See you that oak? Right there you shall him find.
God save you, Who redeemed all humankind.
It is quite possible that the old man is death itself. Although the old man complains a little about being so old and wishing that death would find him, it isn't proof that he is just an old man. He takes advantage of the drunken youngsters' eagerness to find death by pointing them in death's direction. Although the young men didn't quite find what they thought they were looking for, they certainly did find death. In that manner, the old man could very well be the Grim Reaper himself gathering a new group of victims.

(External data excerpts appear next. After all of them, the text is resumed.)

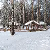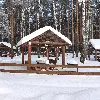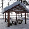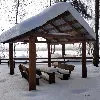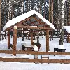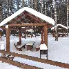 Средняя беседка. Комфортный деревянный стол и лавки из бревен. Удобный большой мангал. Освещение. Электричество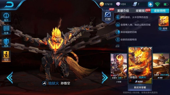 第二名孙悟空的地狱火,目前在王者荣耀中销量第一的皮肤就是孙悟空的地狱火,在游戏里10个猴子9个有地狱火,地狱火得到美术优化后出场也更是震撼人心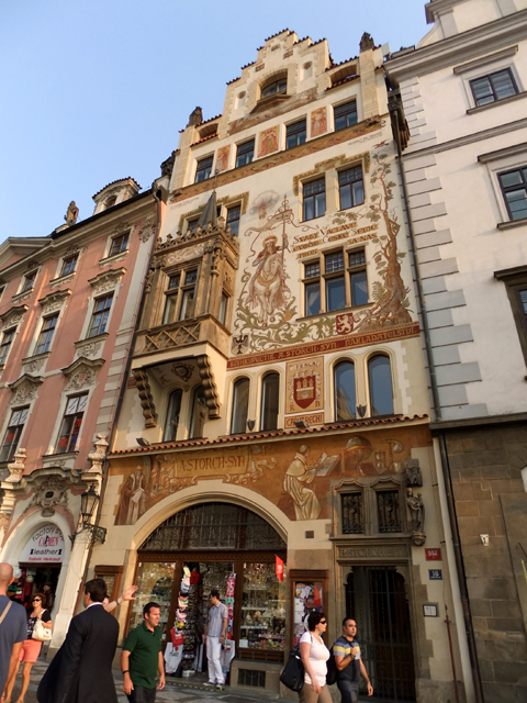 此外,廣場週邊建築還都滿值得細細品味的。若面對提恩教堂,右手側有棟石聖母之屋,這稱呼該是因牆側有尊抱著耶穌的小聖母雕像,然滿佈牆面的壁畫卻大大遮掩其風采。例如拱門之上繪有專心研究的學者,三、四樓的精雕窗臺旁則飾以於林葉間奔馳的騎士,描述聖瓦次拉夫(St. Wenceslas)帶隊出征的情景。這樣顏色清晰艷麗的彩繪延伸至階梯狀頂簷,輕易地便吸引遊人目光。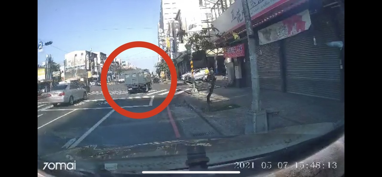 ▲民眾的行車記錄器拍下貨車肇事瞬間。(圖/記者黃子倩翻攝)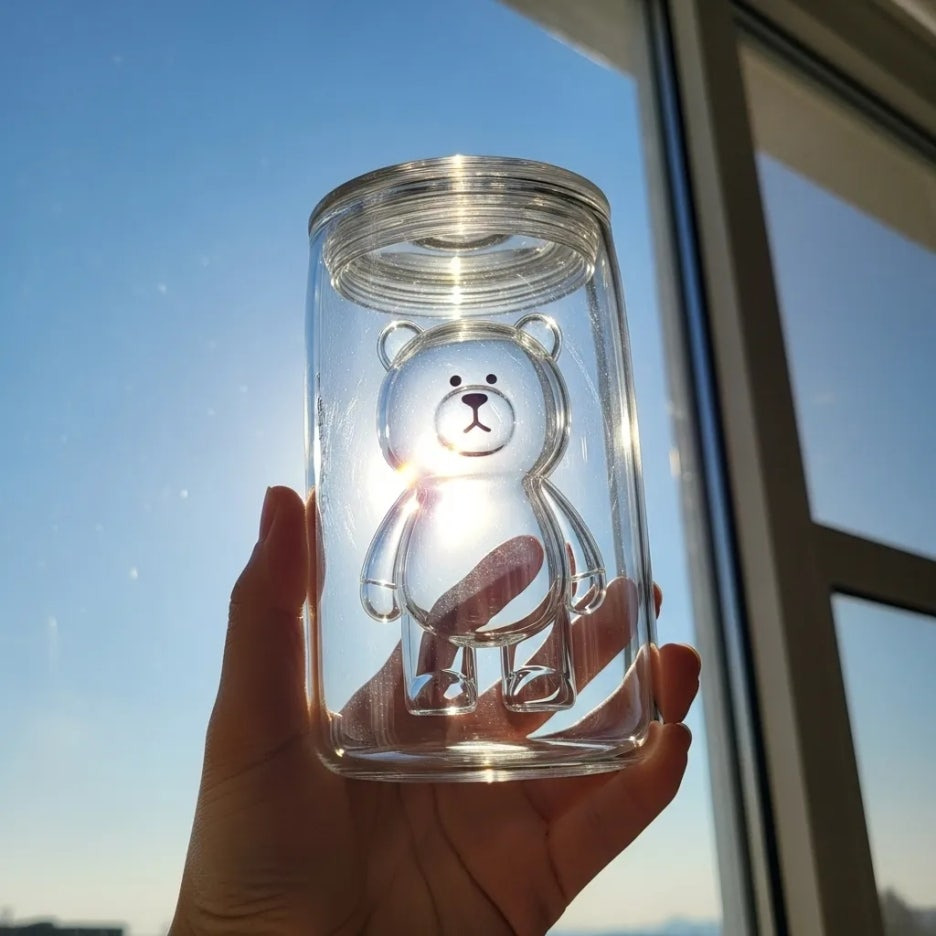 단순히 겉면에 그림이 그려진 게 아니라, 이중벽 구조 속에 입체적인 곰돌이 피규어가 들어가 있거나 돔 리드(뚜껑) 안에 귀여운 베어리스타가 콕 박혀 있는 형태거든요.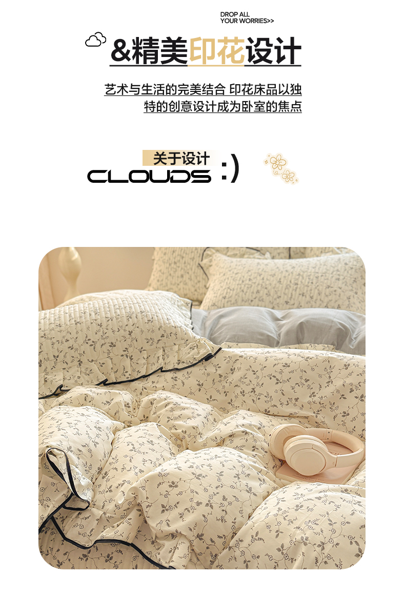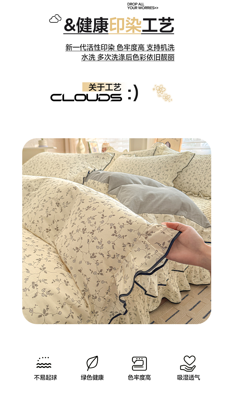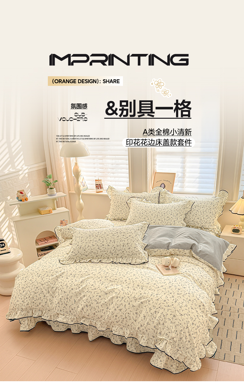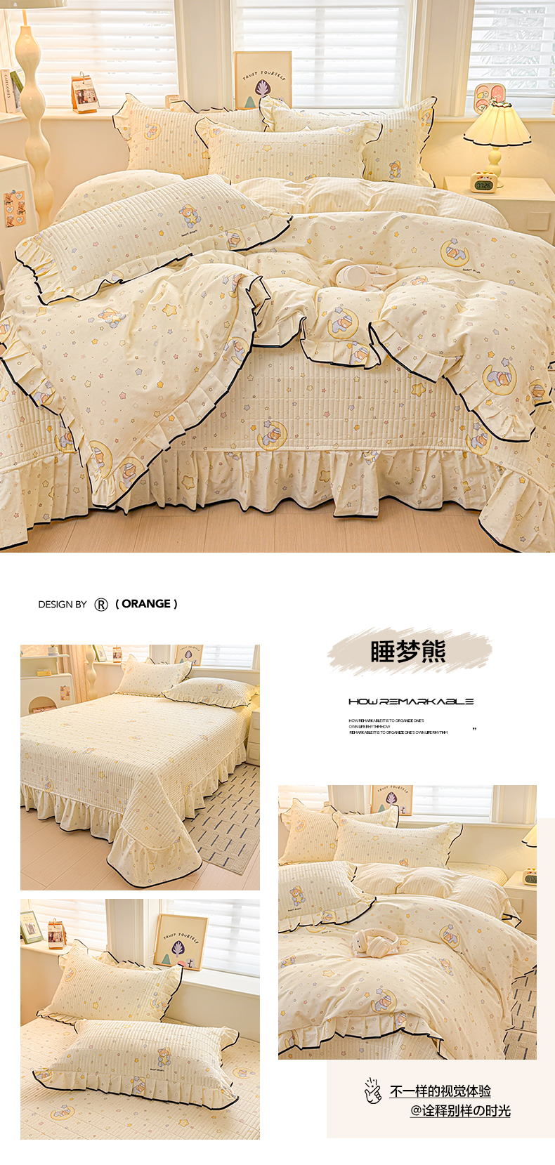 莱登卡奴 2026新款全棉A类小清新花边床盖款系列四件套 花溪

Literary critics cannot agree on the identity of the old man, but there are several possibilities of who this mysterious character may be. First, it's possible that he is Death itself. When the old man creates the comparison of Death as a mother, it suggests that death should not be viewed as a frightening thought - instead, death provides comfort and respite from suffering. He also seems to know more than he should: he says to the men, "When you are old -- if you should live til then." He foreshadows the upcoming deaths of the young men.
Another possibility is that the man is an angel of death, a sort of precursor to an upcoming demise. This would also explain the comforting view of death and how the character seems to know future events.
A final, more literal possibility is that the man simple is just an old man who is wise and sees the men for what they are -- selfish. The identity really isn't important: what matters is that this man is the catalyst for the men finding the gold under the tree, which leads to their deaths through their own selfishness and greed.